An obtuse triangle is a triangle in which one of the angles is larger than 90°. There is only one such angle possible, since the sum of angles in a triangle is 180°.
It's easy to show that in this type of triangle, the obtuse angle is larger than the sum of the other two angles.
It's also easy to show the converse- that if an angle in a triangle is larger than the sum of the other two, then the triangle is obtuse. Both of these follow directly from the fact that the sum of angles in a triangle is 180°.
Problem
Show that in an obtuse triangle, the obtuse angle is larger than the sum of the other two angles. Also show the converse- that if an angle in a triangle is larger than the sum of the other two, then the triangle is obtuse.
Strategy
Both of these problems are a direct consequence of the fact that the sum of all three angles in a triangle is exactly 180°. So our strategy is to prove them using arithmetic manipulation of the sum of the angles.
Proof
(1) m∠1 + m∠2 + m∠3= 180° //sum of angles in a triangle is 180°
(2) m∠2>90° // Given, ΔABC is obtuse
(3) m∠1 + m∠3 < 90° // subtract (2) from (1)
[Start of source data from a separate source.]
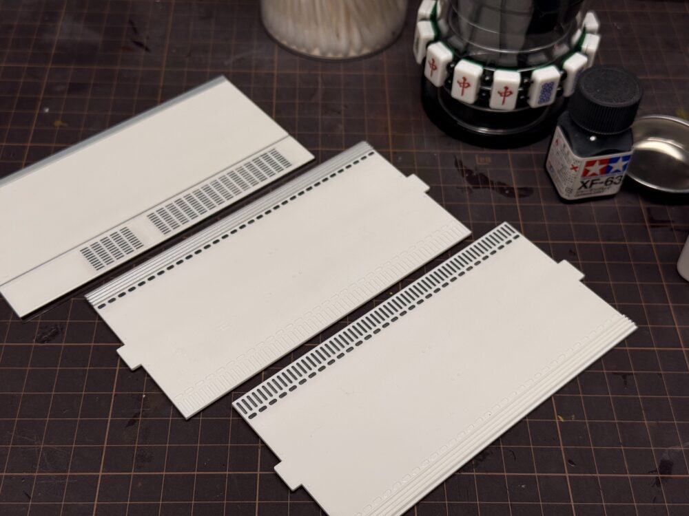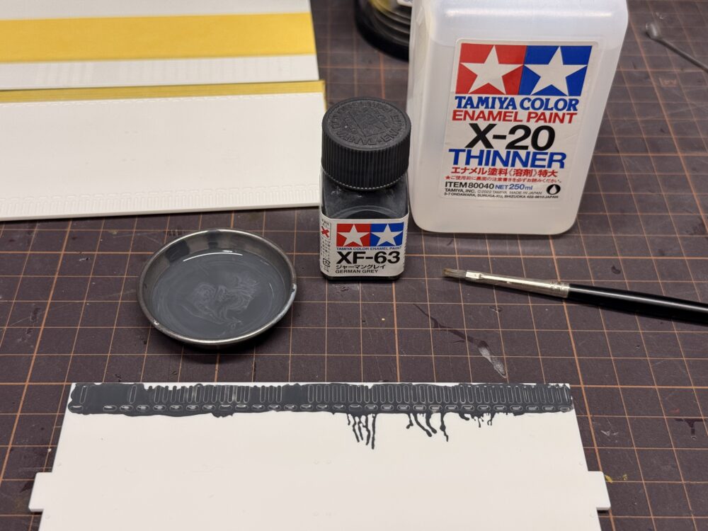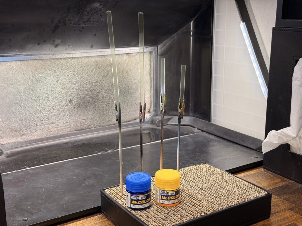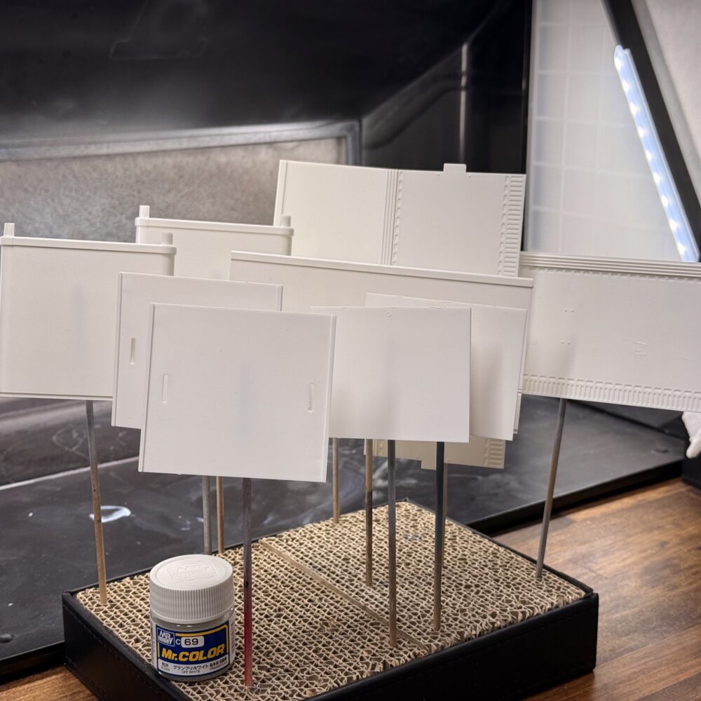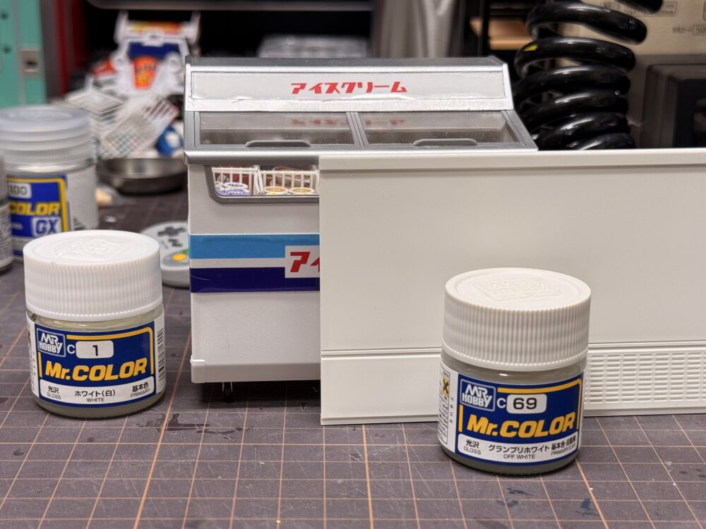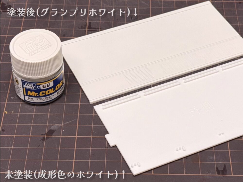 いつも白といえば「Mr.COLOR C-1」を使用してましたが、あまり成形色と変わり映えしないので今回は業務用っぽい「Mr.COLOR C-69(グランプリホワイト)」にしました。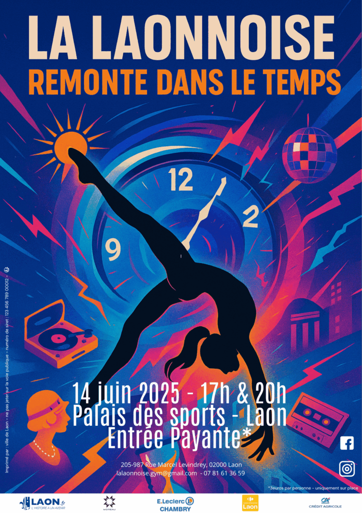 Dans ce projet, j’ai participé à l’organisation d’un événement intitulé La Laonnoise remonte dans le temps. J’ai pris en charge la communication visuelle globale : création des supports print (affiches, flyers, banderoles) et des contenus pour les réseaux sociaux. J’ai également contribué à la gestion de l’événement : coordination des partenaires, mise en place d’une tombola, et suivi de l’organisation logistique. Pour marquer l’occasion, des justaucorps sur-mesure aux couleurs de l’événement ont été créés. Ce projet m’a permis de travailler à la fois sur l’aspect créatif, organisationnel et relationnel de la communication événementielle.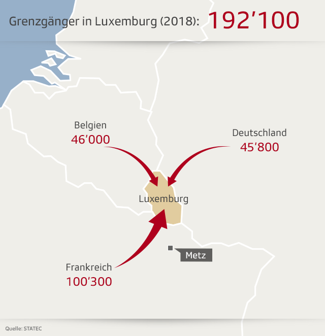 Dies ist vor allem auf eine Regel der OECD zurückzuführen, die Luxemburg buchstabengetreu anwendet, und nach welcher die Einkommenssteuer generell dort erhoben wird, wo jemand arbeitet. Dieser Mangel an Solidarität ärgert in den benachbarten Regionen des Grossherzogtums die politisch Verantwortlichen an höchster Stelle. Sie stehen unter Druck, da ihnen die nötigen Mittel fehlen, um den massiven Zuzug von Grenzgängerinnen und Grenzgängern (etwa 5500 pro Jahr) auf ihr Gebiet bewältigen zu können; sie sagen, sie seien dem Ersticken nahe.

(4) m∠1 + m∠3 < m∠2 //(2), (3)
Now lets do the converse, show that if m∠1 + m∠3 < m∠2, then ΔABC is obtuse:
(5) m∠1 + m∠2 + m∠3= 180° //sum of angles in a triangle is 180°
(6) m∠1 + m∠3 < m∠2 // Given
(7) m∠2 >180° -m∠2 // subtract (6) from (5)
(8) 2 * m∠2 > 180° //Add m∠2 to both sides
(9) m∠2 > 90° //divide by 2
(10) ΔABC is obtuse //(9) , defintion of obtuse triangle